Selection of web resources is usually based on identifying some entities (e.g., functions, individuals, organizational units, types of transactions) that warrant documentation over time, and then focusing on the subset of the overall universe of documentation that is most likely to serve as documentation of those entities.

Take action

  • Choose appropriate collection methods depending on: types of content, organizations and structures of target content, and relationship between content collectors and content providers.
  • Develop selection criteria
  • Possible considerations: scope and content of collections, time and frequency of collections, collection type (repeated collection vs. ad-hoc collection vs. one-off collection vs. comprehensive collection)
  • Defining boundary of collection
  • Defining level of collection (page level vs. site level vs. domain level)
  • Identifying entry points (manual vs. automatic)


Review use cases

  • Hurricanes Katrina and Rita Web Archive 
    Internet Archive and many individual contributors created a comprehensive list of websites documenting the historic devastation and massive relief effort due to Hurricane Katrina. The sites were crawled between the dates of September 4 - November 8, 2005. This collection, containing more than 61 million searchable documents, will be preserved by Internet Archive with access to historians, researchers, scholars and the general public.
  • Center for History and New Media and American Social History Project/Center for Media and Learning.  The September 11 Digital Archive. 
    The September 11 Digital Archive uses electronic media to collect, preserve, and present the history of September 11, 2001 and its aftermath. The Archive contains more than 150,000 digital items, a tally that includes more than 40,000 emails and other electronic communications, more than 40,000 first-hand stories, and more than 15,000 digital images. In September 2003, the Library of Congress accepted the Archive into its collections, an event that both ensured the Archive's long-term preservation and marked the library's first major digital acquisition.
  • National Library of Australia.  "Selection Guidelines."  Last updated April 27, 2011. 
    Links to the selection guidelines of the participating agencies in PANDORA.
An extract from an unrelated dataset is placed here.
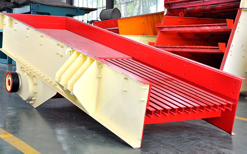 重型給料機(jī)主要由槽體、振動(dòng)電機(jī)、支撐彈簧等部件組成。GF系列給料機(jī)采用振動(dòng)電機(jī)作為激振源驅(qū)動(dòng)設(shè)備振動(dòng),迫使物料從給料端緩慢地推至排料端。與此同時(shí),對(duì)物料進(jìn)行篩分,使其粒度更加均勻。通常,在給料機(jī)的排料端裝備有一個(gè)棒條柵篩,通過它,分離出粒度小于各棒條條間距的物料,并將較大粒度的物料輸送到破碎機(jī)內(nèi)。通過改變振動(dòng)電機(jī)的激振力對(duì)給料機(jī)的給料能力進(jìn)行調(diào)節(jié),可以利用安裝在給料機(jī)下部的篩層對(duì)物料進(jìn)行進(jìn)一步的篩分。

  • K-12 Web Archiving: Preserving the Present,
    "Through the K-12 web archiving program, a collaboration between the Library of Congress and the Internet Archive, students — children and teenagers — archive websites that represent their lives and interests. They not only develop critical-thinking skills and learn how to solve problems with others, they also develop an awareness of the transitory nature of web content. The students use Archive-It, a web-based web archiving service from the Internet Archive, to capture sites and manage, describe and browse their collections. The Library of Congress archives the sites the students collect, and those collections become primary sources of information for future researchers. The students' experience of creating primary sources leads them to consider the authenticity and value of other primary sources. In the spring of 2010, a team from the Library of Congress visited one of the program's participating classes at the James Moran Middle School in Wallingford, Connecticut. Over two days Library staff interviewed the students and their teacher, Paul Bogush."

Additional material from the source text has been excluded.